The feeder or service load can be calculated using the demand factor percentages in Table 550.31. Since no calculated load per Sec. 550.18 is given, we’ll just use 16,000VA per site in our calculations [550.31(1)].

Demand load = VA × sites × demand factor

As per Table 550.31, 35 sites = 0.24 demand factor

Demand load = 16,000VA × 35 sites × 0.24 = 134,400VA

I = VA ÷ E

I = 134,000VA ÷ 240V

I = 560A demand load

Parallel two conductors per phase: 560A ÷ 2 raceways = 280A
A 300kcmil conductor is rated 285A at 75°C, as per Table 310.15(B)(16). This is large enough for the demand load.

You can use 600A overcurrent protection; Sec. 240.4(B) allows you to round up to the next standard size overcurrent protection not exceeding 800A. The neutral must be large enough to serve the neutral load [220.61], but the minimum neutral size when paralleling conductors is 1/0 AWG [250.24(C)(2) and 310.10(H)].

Recreational vehicle parks

Recreational vehicle (RV) parks are typically equipped with several different sizes of receptacles. Each size of receptacle must be present based on a minimum percentage requirement provided in Sec. 551.71. You can exclude dedicated tent sites when calculating these percentages.

Calculate RV parks using the demand factors of Table 551.73(A). The total demand load is based on the VA per site values listed in Sec. 551.73(A):

  • 9,600VA for each site with 50A, 120/240V supply facilities.
  • 3,600VA for each site with 20A and 30A, 120V supply facilities.
  • 2,400VA for each site with 20A, 120V supply facilities.

Once again, let’s run through an example problem to clarify these points.

What’s the demand load for a recreational vehicle park that has ten 20A supply facilities, fifteen 20A and 30A supply facilities, and twenty 30A and 50A supply facilities? The system is 120/240V, single-phase (Fig. 5).

Fig. 5. This example shows how to calculate the demand load for a recreational vehicle park that has various supply facilities.

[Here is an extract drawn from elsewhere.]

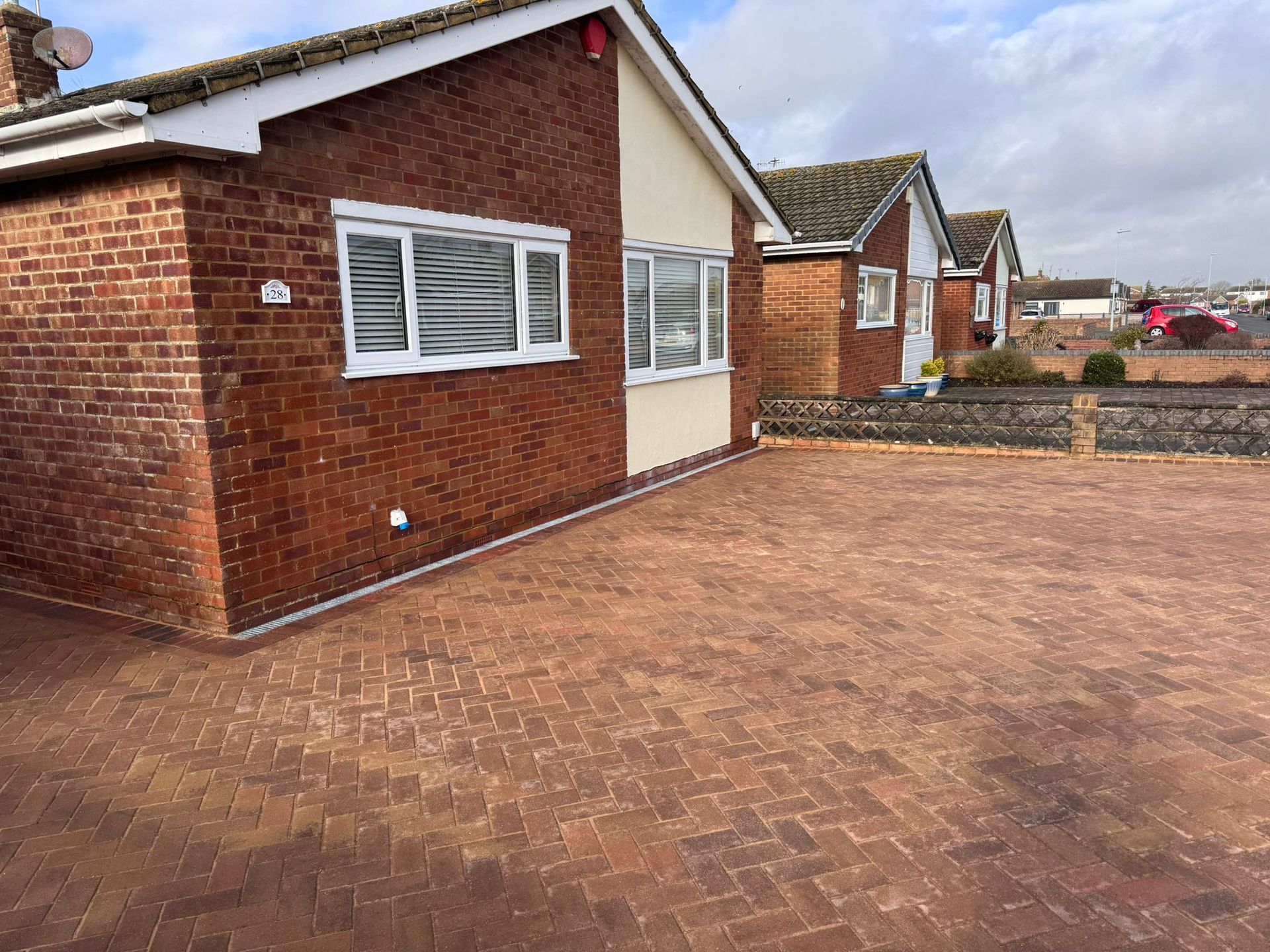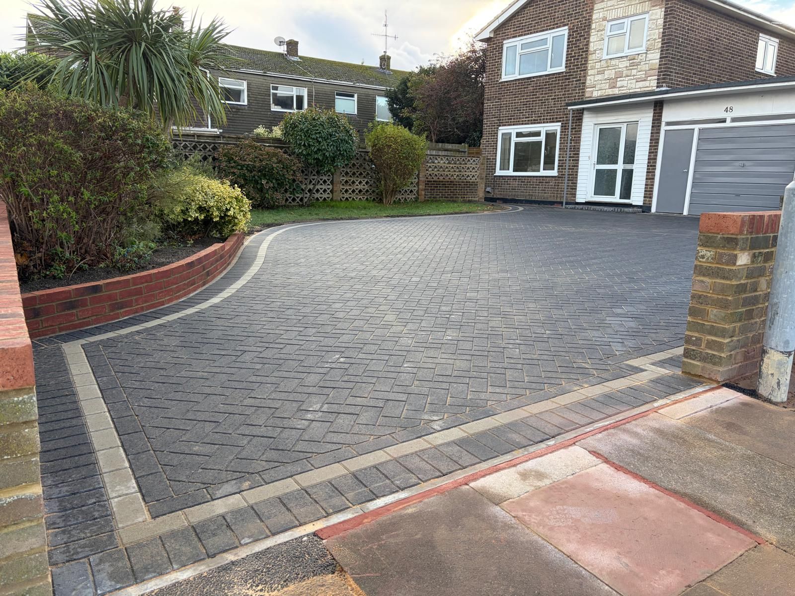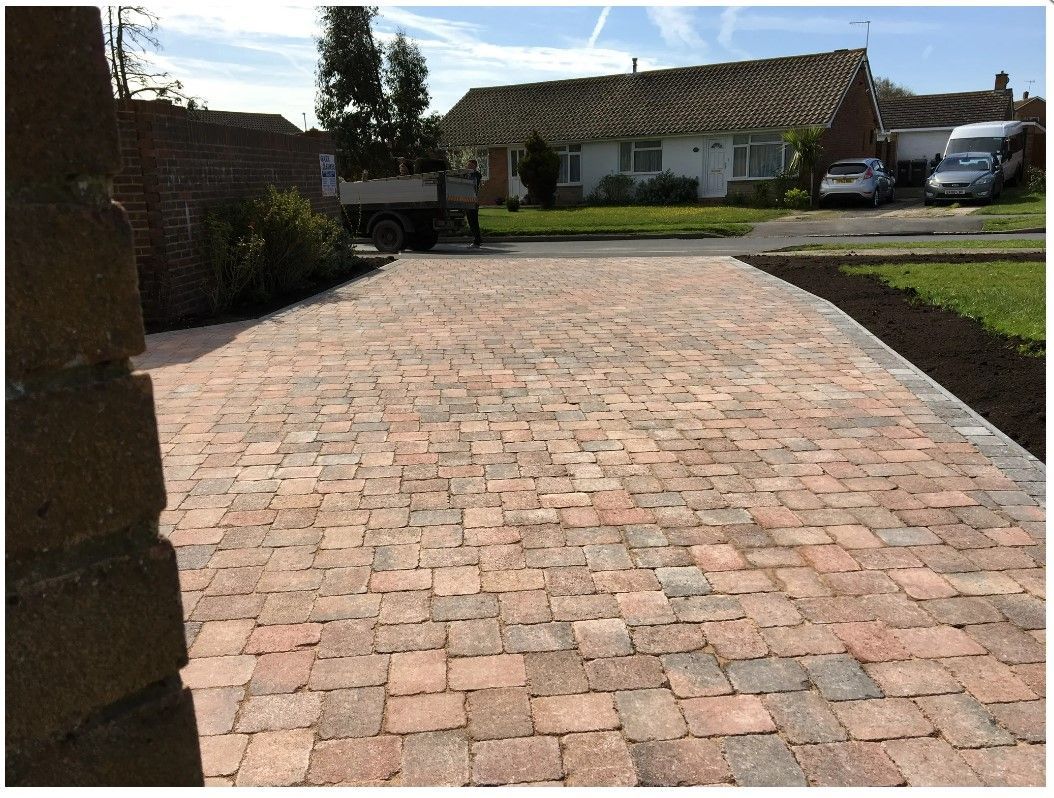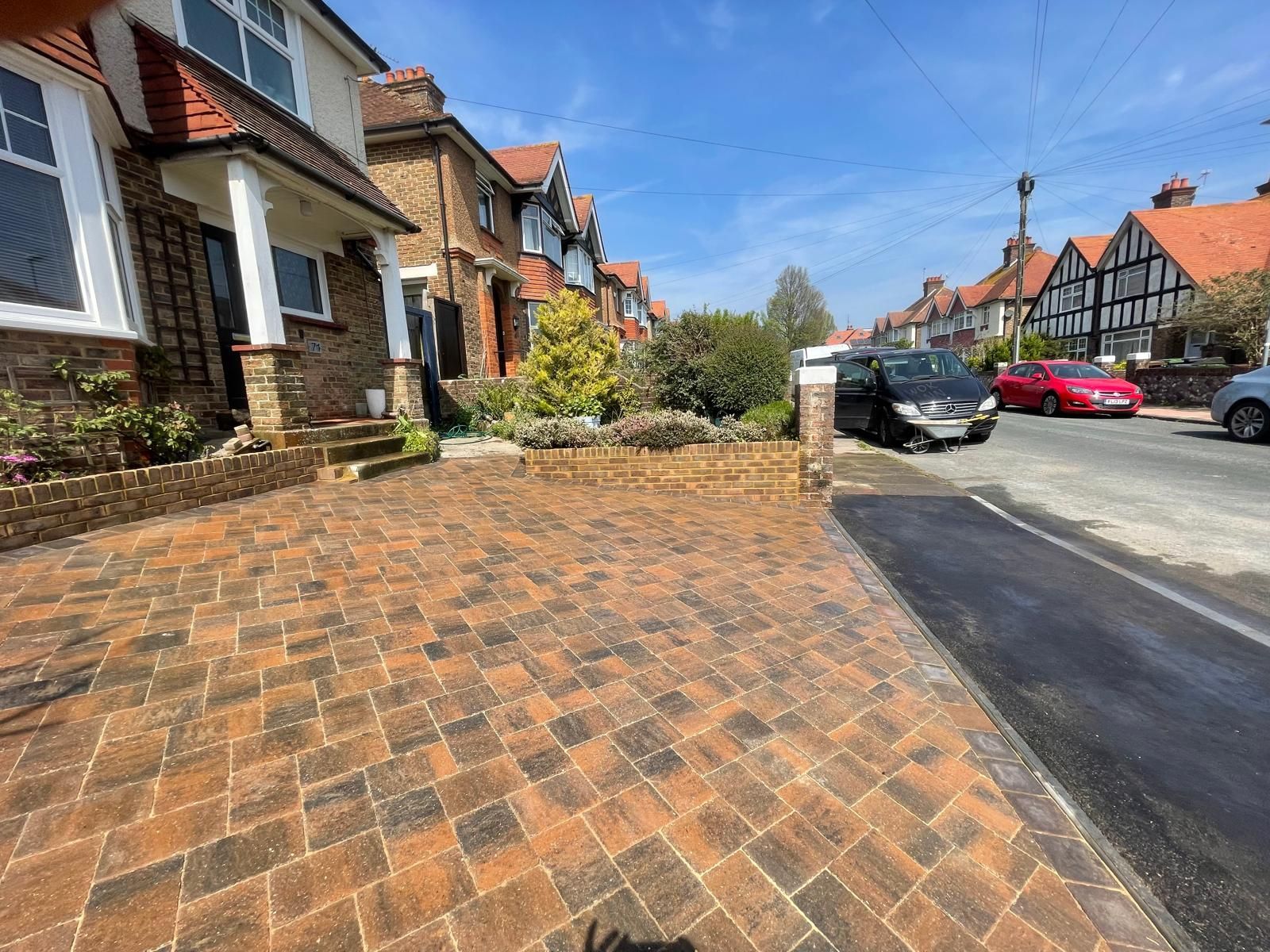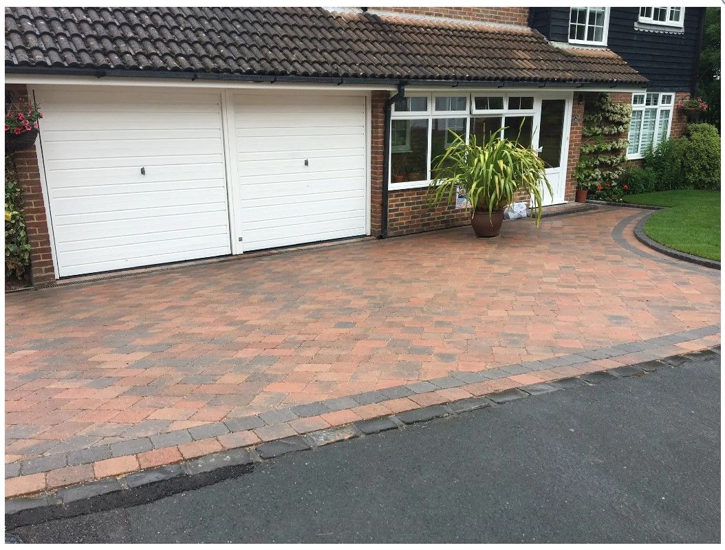 A nice standard brindle block paved driveway in Hailsham, East Sussex with raised border edge blocks.

The service for the recreational vehicle park is sized using the demand factors in Table 551.73(A).

  • Ten 20A sites (2,400VA × 10 sites) = 24,000VA
  • Fifteen 20A and 30A sites (3,600VA × 15 sites) = 54,000VA
  • Twenty 50A sites (9,600VA × 20 sites) = 192,000VA

Therefore, the total connected load for the 45 sites = 270,000VA

Demand load = 270,000VA × 0.41 [Table 551.73(A) for over 36 sites]
= 110,700VA

I = VA ÷ E

I = 110,700VA ÷ 240V

I = 461A demand load

Parallel two conductors per phase: 461A ÷ 2 raceways = 231A
A 250kcmil conductor is rated 255A at 75°C, as per Table 310.15(B)(16).

The neutral must be large enough to serve the neutral load [220.61], but the minimum neutral size when paralleling conductors is 1/0 AWG [250.24(C)(2) and 310.10(H)].

Demand factor caution

Be careful when applying demand factors to commercial installations. For example, the demand factors for dryers in Table 220.54 are for dwelling units only. You can’t use them for laundromats or similar locations. There are different rules and, in some cases, different demand factors for commercial occupancies. In Part 2, we will examine more applications that have their own demand factors and rules.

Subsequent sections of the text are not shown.